Comparison of incineration and pyrolysis of NMC-lithium-ion batteries – determination of the effects on the chemical composition, and potential formation of hazardous by-products

Abstract: Several industrial lithium battery recycling processes use thermal pre-treatment in an oxidative or inert atmosphere, or in a vacuum, to separate the battery components and remove organic material. However, a comparison of these pre-treatments on the microstructure and composition of waste material and production scrap LiBs has not been explored as well as there is a scarcity of information about the character of by-products generated during the processing.
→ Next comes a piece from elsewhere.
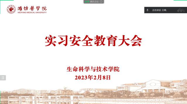 为加强学生实习安全意识,提升实践教学质量,2月8日下午,生命杏吧原创 召开实习年级班会,学院党总支副书记王琳、辅导员以及2023届全体实习生参加会议。

In this work the effects of incineration and dynamic pyrolysis on the composition of spent Li-ion batteries (LiBs) and the effects of incineration, dynamic pyrolysis, and pyrolysis under vacuum on the composition of production scrap Li-ion batteries (LiBs) were investigated. LiBs with cathode active material based on Li(NixMnyCoz)Oj, i.e. NMC-LiBs, were treated from 15 to 180 minutes at a temperature between 400-700°C. During the pyrolysis, reactions with C and CO(g) led to a reduction of metal oxides, with Co, CoO, Ni, NiO, Mn, Mn3O4, Li2O, and Li2CO3 as the main products. During the incineration, the organic material was removed more efficiently than in pyrolysis and the lithium metal oxides were subjected to both carbothermic reduction and oxidation. During pyrolysis at 700°C for 180 minutes, the carbon content decreased to 15w%, in comparison to the initial 41w%. The incineration performed under the same conditions resulted in almost complete removal of the graphite and organic species, ~0.6w%. Gas and organic oil by-products from the decomposition of the organic components were characterized. The presence of HF was detected and fluorine was identified also in the oil by-products. The decomposition of the binder facilitated the separation by mechanical treatment of the active material from the current collector. The best method to recover cathode material was shown to be incineration at a temperature range between 550˚ and 650˚ C for at least 90 minutes, followed by ball milling. The recovered fraction of active material was >95%. The formation of HF in the case of high temperature accident involving NMC-LiB was also determined. Four commercial refrigeration liquids containing halogens were investigated. The presence of these refrigeration liquids leads to an increase of the quantity of HF released during a simulated fire.